> **EXERCISE INSTRUCTIONS**: A faithful copy of the data, pictures omitted, is the required answer.

> **DATA TO PROCESS**:
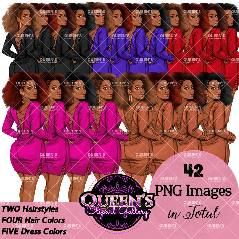 Woman in Dress, Afro Woman Clipart, Fashion Girl Clipart, Fashion Illustration Clipart, Black Girl Magic, Girl Boss, Planner Girl Clipart
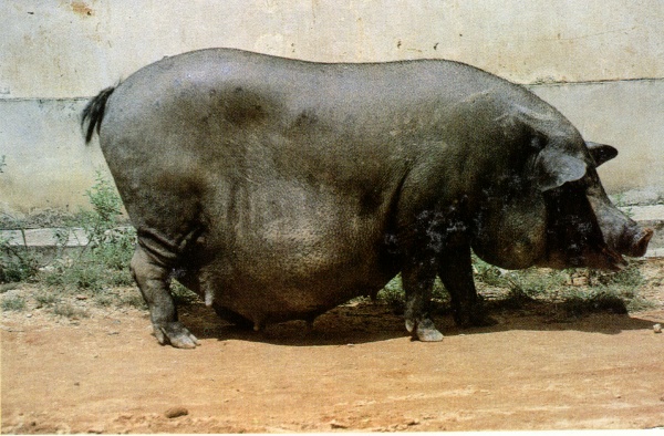 | 体型 | 体型略呈长方形。背腰微凹,腹部稍大,但不拖地,臀部较平直。四肢直立、坚实有力、长短适中,后退肌肉较丰满。 | 毛色 | 被毛黑色,部分猪的腕关节和跗关节以下为灰白色。 |
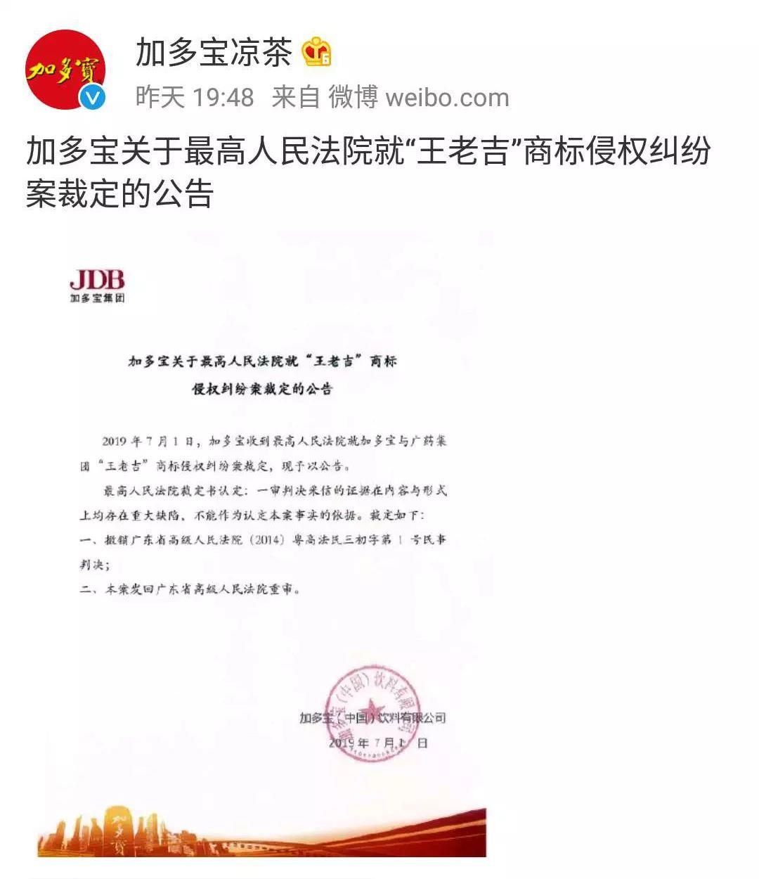 法院驳回加多宝诉求,要求加多宝赔偿广药经济损失
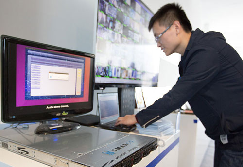在北京智能計(jì)算產(chǎn)業(yè)研究院舉行的發(fā)布會(huì)上,工作人員在現(xiàn)場(chǎng)演示高通量人工智能一體機(jī)的實(shí)際應(yīng)用(2017年12月6日攝)。新華社記者 金立旺 攝
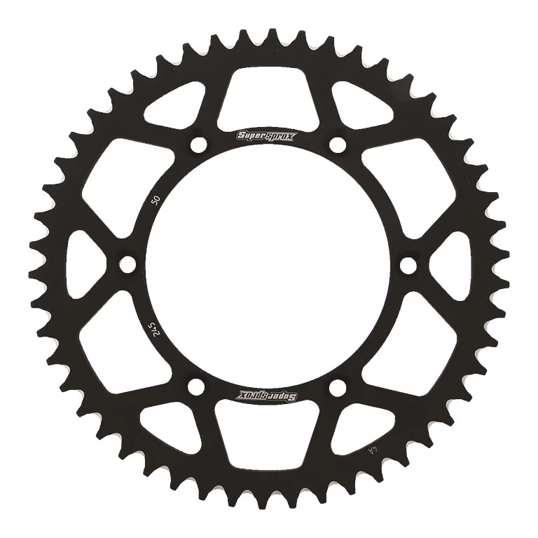 SuperSprox Aluminum Rear Sprockets stand out from the competition thanks to decades of experience supplying OEMs and factory race teams. These long lasting aluminum sprockets utilize a unique tooth design and 6mm thick aluminum (instead of the typical 5.65mm thickness), making them stronger and more resilient than lesser sprockets. The unique design of the sprocket teeth puts more material where you need it and also features grooves between each tooth to prevent build up road debris that can lead to premature chain wear. After machining, each sprocket is surface ground before anodizing, ensuring each one is free from any scratches or machining marks prior to receiving its show stopping finish.
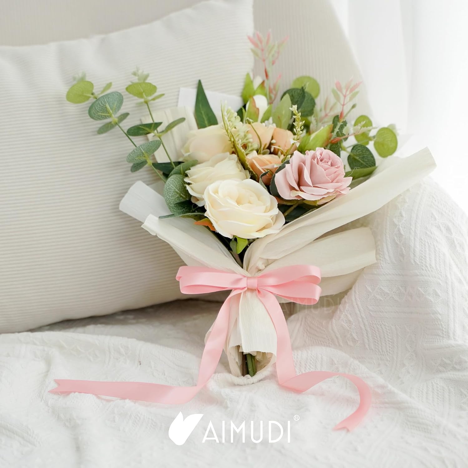 AIMUDI Baby Pink Bows 5 × 10" Satin Bows for Gift Wrapping Twist Tie Bows Premade Ribbon Bows for Bouquets Invitations Baskets Crafts Wreaths Wedding Birthday Baby Shower Party Decorations, 36 PCs

> **ANSWER TO THIS PROBLEM**:
 Woman in Dress, Afro Woman Clipart, Fashion Girl Clipart, Fashion Illustration Clipart, Black Girl Magic, Girl Boss, Planner Girl Clipart
 | 体型 | 体型略呈长方形。背腰微凹,腹部稍大,但不拖地,臀部较平直。四肢直立、坚实有力、长短适中,后退肌肉较丰满。 | 毛色 | 被毛黑色,部分猪的腕关节和跗关节以下为灰白色。 |
 法院驳回加多宝诉求,要求加多宝赔偿广药经济损失
在北京智能計(jì)算產(chǎn)業(yè)研究院舉行的發(fā)布會(huì)上,工作人員在現(xiàn)場(chǎng)演示高通量人工智能一體機(jī)的實(shí)際應(yīng)用(2017年12月6日攝)。新華社記者 金立旺 攝
 SuperSprox Aluminum Rear Sprockets stand out from the competition thanks to decades of experience supplying OEMs and factory race teams. These long lasting aluminum sprockets utilize a unique tooth design and 6mm thick aluminum (instead of the typical 5.65mm thickness), making them stronger and more resilient than lesser sprockets. The unique design of the sprocket teeth puts more material where you need it and also features grooves between each tooth to prevent build up road debris that can lead to premature chain wear. After machining, each sprocket is surface ground before anodizing, ensuring each one is free from any scratches or machining marks prior to receiving its show stopping finish.
 AIMUDI Baby Pink Bows 5 × 10" Satin Bows for Gift Wrapping Twist Tie Bows Premade Ribbon Bows for Bouquets Invitations Baskets Crafts Wreaths Wedding Birthday Baby Shower Party Decorations, 36 PCs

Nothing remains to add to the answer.